Our children grew up together and while Karen encouraged them in the arts, I taught my niece   to cook and bake, to sew and be creative in other ways from how Karen taught her. I took my nephew to the beach, packing an enormous picnic basket full of goodies. Later he would tell me that was one of his best memories he's had.
Even though we would have a differences, cause we did, we still managed to stay friends and love each other for who we were. I always felt that I could achieve anything because Karen made me believe in myself.
So when I met my new husband, Ted, the Dutchman, of course I wanted them to meet. Now you have to know Karen did not usually like any man, she had one bad outlook of men and they all fell into that one category.
The first time they met my sister said," Hi, I'm Karen and I have terminal cancer".
I was devastated, not only because she was dying, but because after a failed marriage of twenty five years to an alcoholic, I had met the best friend I ever had and Karen LIKED him!
When the call came from my niece to say Karen wouldn't make it the night, the Dutchman drove me three hours to the hospice, and waited for me while I sat with her through the night.
Karen wasn't speaking vocally, but her eyes were saying volumes. Looking at her, staring into her huge brown eyes while she was taking her last breath is an image that is forever etched in my heart. I couldn't help her and she was struggling so hard to breathe, her eyes were filled with all the unspoken things that we didn't get a chance to talk about. No matter how I try to tell myself that you can't go back, it's all there, right before your eyes, the whys and should haves. Please God, let her understand how much I loved her and I want her to be at peace.
She took one final deep breathe and then closed her eyes...... my sister Lois and I looked at each other and then at Karen's children, it was over...... she's gone.
It was so hard to lose my Mom and now my Karen and I struggle with it everyday. I know that time has passed and I can almost talk about her without that huge lump in my throat. There are moments when I hear her voice or I pick up the phone to tell her of my latest project, and then I remember. I lost my desire to make or create anything for a long time, it has only been since the Dutchman has come into my life that I have been inspired.
I wish that my other sisters weren't so far away, I wish that my niece was closer and that her daughter could get to know me better. Life just doesn't always work that way, I want to be the one shopping with their Mom or sister, enjoying Mother's Day.
Instead I make excuses and retreat to my sewing room and try to immerse myself in a project, I ignore the tears that fall and the huge wave of sadness that threatens to ruin my day.
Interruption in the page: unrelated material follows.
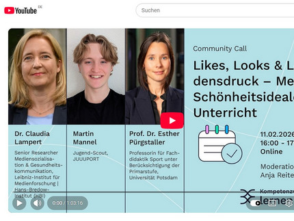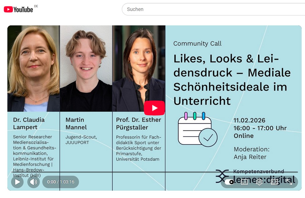 Von #skinnytok bis #looksmaxxing – Körperbilder und Schönheitsideale auf Social-Media-Plattformen prägen die Lebensrealität von Kindern und Jugendlichen. Neue Trends, Lifestyles, Beauty-Filter und visuelle Vorstellungen davon, wie ein erstrebenswerter Körper aussehen sollte, sind in den Feeds von TikTok und Co. allgegenwärtig. Welche schädlichen Folgen können vermeintliche Schönheitsideale für Kinder und Jugendliche haben? Wie kann der kritische Umgang mit Social-Media-Trends in der Schule gefördert werden? Wie können Lehrkräfte Aufklärungsarbeit leisten und für Risiken sensibilisieren? Diese Fragen beantworteten Dr. Claudia Lampert vom Leibnitz-Institut für Medienforschung Hand-Bredow Institut, Hamburg, Martin Mannel, Jugend-Scout bei JUUPORT und Prof. Dr. Esther Pürgstaller im einstündigen Community Call vom Kompetenzverbund lernen:digital zum Thema „Likes, Looks & Leidensdruck – Mediale Schönheitsideale im Unterricht“ am 11.02.2026.

I pray for God to ease the pain and grant me closure..... I loved Karen with all my heart and I wanted to say on this Mother's Day, take an extra moment to hug and kiss your Mom or your sibling, and say,"I love you"...... and mean it with all your heart......
Margaret B
 

23 comments:

Deborah@ The Painted Nest said...

Margaret, How Beautiful the love you have for your sister!!!! I will pray for you and know this~ they're alot of people who care deeply for you here. You are a great part of this family, you bring so much beauty to so many people. I found your story very toucning, I lost my dear mother 9 years ago and I can still hear her laugh. I miss her like it was yesterday that she passed away. She was the most beautiful soul!!!! It's because of her that I started to blog and get my art seen, she always wanted me to paint and be a sucess at it. Thank-you for the loving reminder to hold those close to us that we love and to let them know it always, Sweet Blessings Dear Margaret, Deborah

SharDon Exclusives said...

Margaret, How very fortunate you were to have such a wise Mother to "pair" an older sibling with you. So many many precious memories. My Momma passed just two years ago and I miss her terribly. Your blog has touched my heart & I will pray that the Lord will ease your pain and send you a "special" dream of your sister& you, to help you cope with your loss. It has worked for me when I can not bare the loss any longer. Now at night I look forward to dreaming just so that I can once again see my Momma/ brothers/Grandparents somehow it seems to help me. You have a lovely blog and I do enjoy hearing your heart today...sharon

Lynns Lovelies said...

Dear Margaret, your words of love for your dear sister Karen brought tears to my eyes. Loving, accepting and supporting those we love every day is what we have now, this moment.
May the Lord ease your heart's pain and give you the closure you so need.
Blessing and Hugs,
~♥Lynn

Denise said...

What a beautiful story of love for you and your sister.... I have a younger sister .. she is 55 and I am 62..... She has just THIS year opened up and have begun to talk to me... We have lost years.... Your sweet story has made me to understand how foolish the little thing are that keep us apart....... What a sweet sweet memory you have of your sister..... and somehow I think she knew how much you loved her.... When those tears fall this mothers day girl friend, remember the scripture that I have on my blog....... HE catches those tears and bottles them up......

Love you lots..........

Denise

Diane said...

Margaret, Thank you for the sweet and touching post. It's a beautiful tribute to your sister. May you find peace and joy in your heart.

Allidink said...

Your story is so touching. I hope you are well. I believe your sister is aware of everything you're feeling and loves you and wants you to feel better. We're all really not that far away :) They don't call it a small world for nothing. It's really like a small universe too :)

All the best,
Allison

Frippery said...

What a lovely tribute to your sister. She is truly alive in your heart and will always be with you because of the bond you shared. I know you miss her physical presence but I feel sure she is with you in spirit. Take care, Pam

texasdaisey said...

What a moving tribute to your sister. I am so sorry for your loss. I wish I had the right words for you but I just don't. Please know I am praying for you.
Debbie

Lisa said...

That is very sweet! I'm 15 years older than my sister and even though there were only 3 of us I did alot of her 1st with her too! I kept a journal for her of her childhood and now at 25 and a mom she really loves it!
Hugs, Lisa

Denise said...

Just stopping by to say hello and see how you were.........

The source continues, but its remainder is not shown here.